What is the role of Congress, the government and the president?
According to the French Constitution, the government “determines and implements national policy”, parliament can pass laws and overthrow the government, and the head of state is the arbiter who ensures “the normal functioning of public power”.
The president, as guarantor of “national independence, territorial integrity and respect for treaties,” is responsible for foreign, European and defense policy, while the government implements domestic policies with or without the support of parliament.
This means that pensions, unemployment benefits, education, taxes, immigration and citizenship requirements, civil service hiring, law and order, and employment law all fall in principle under the purview of Parliament and the government.
By convention, and because he does not want his government to be toppled by a vote of no confidence or parliamentary censure, the president always appoints a prime minister and cabinet that can command a majority in the lower house.
This arrangement works relatively smoothly when the president and the majority in Congress are politically aligned. When they are not (known as coexistence), the situation becomes more difficult. It is difficult to imagine a more intense coexistence. than Macron and the RN majority.
Who are the candidates and what are their chances?

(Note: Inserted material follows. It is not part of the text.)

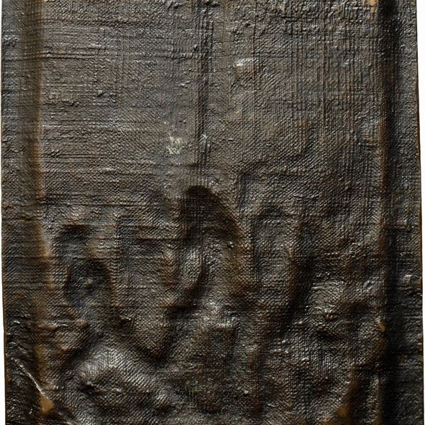 In the centre, Jesus Christ tied to a column, flagellated by Roman soldiers. On the right: 4 Roman soldiers and a naked man seen from behind in the lower corner; on the left, a soldier and three bearded male figures. Above the column base a helmet and a bearded face. In the background two large architectural arches, the one on the right broken. Fine fusion after original prototype.

Macron’s 170-plus-member Renaissance group is the largest in parliament and is a centrist, pro-European and pro-business party, but a series of unpopular reforms has seen its approval rating, like that of the president, fall – to 19 percent.
The main opposition party, the RN, has been disciplined since winning the 2022 general election, but despite the normalization, at its core it remains a populist, nationalist, far-right party with a “people first” agenda and billions of dollars of unfunded spending for the French people. Opinion polls give it 33% support.
The New Popular Front (NFP) is said to be a left-wing/green coalition made up of Jean-Luc Mélenchon’s far-left party, Unbowed France (LFI), the Socialist Party (PS), the Communist Party, and the Green Party (EELV). Although the two parties do not necessarily agree on their views, they have agreed to field one candidate in each constituency. If the party acts in unison, opinion polls suggest it could reach 30% of the votes.
Jacques Chirac and Nicolas Sarkozy’s centre-right Party of the Republic (LR), which has 68 members of parliament, has been thrown into turmoil by its leader, Eric Ciotti, promising to sign an electoral pact with the RN (whereby the two parties would field joint candidates or agree not to oppose each other), a move most party members strongly oppose; opinion polls show it at 7%.
What will be the outcome?
The two-round electoral system makes it difficult to estimate the exact number of seats, but experts predict that the RN could almost triple its number of MPs but would likely fall short of a majority, while Renaissance could see its number of seats halved.
That would mean Macron would face a more divided and hostile Parliament over the next three years, forcing him to make difficult deals with the opposition to form a government and pass bills, and almost certainly stalling legislation.
That would be a major problem for France, but perhaps less damaging than if the RN had a supermajority, control of parliament and perhaps a prime minister under its 28-year-old leader, Jordan Bardella, who would be tasked with pushing through a domestic agenda.
This could include increasing public spending, expelling more immigrants, halting family reunification, reversing plans to increase gasoline prices, privatizing public television and radio, etc. Other plans, including “people first,” could hit constitutional roadblocks.
The repercussions would be felt across Europe: While the president would nominally retain foreign policy authority, measures such as aid to Ukraine could be put at risk because they require parliamentary support to fund the aid as part of the French budget.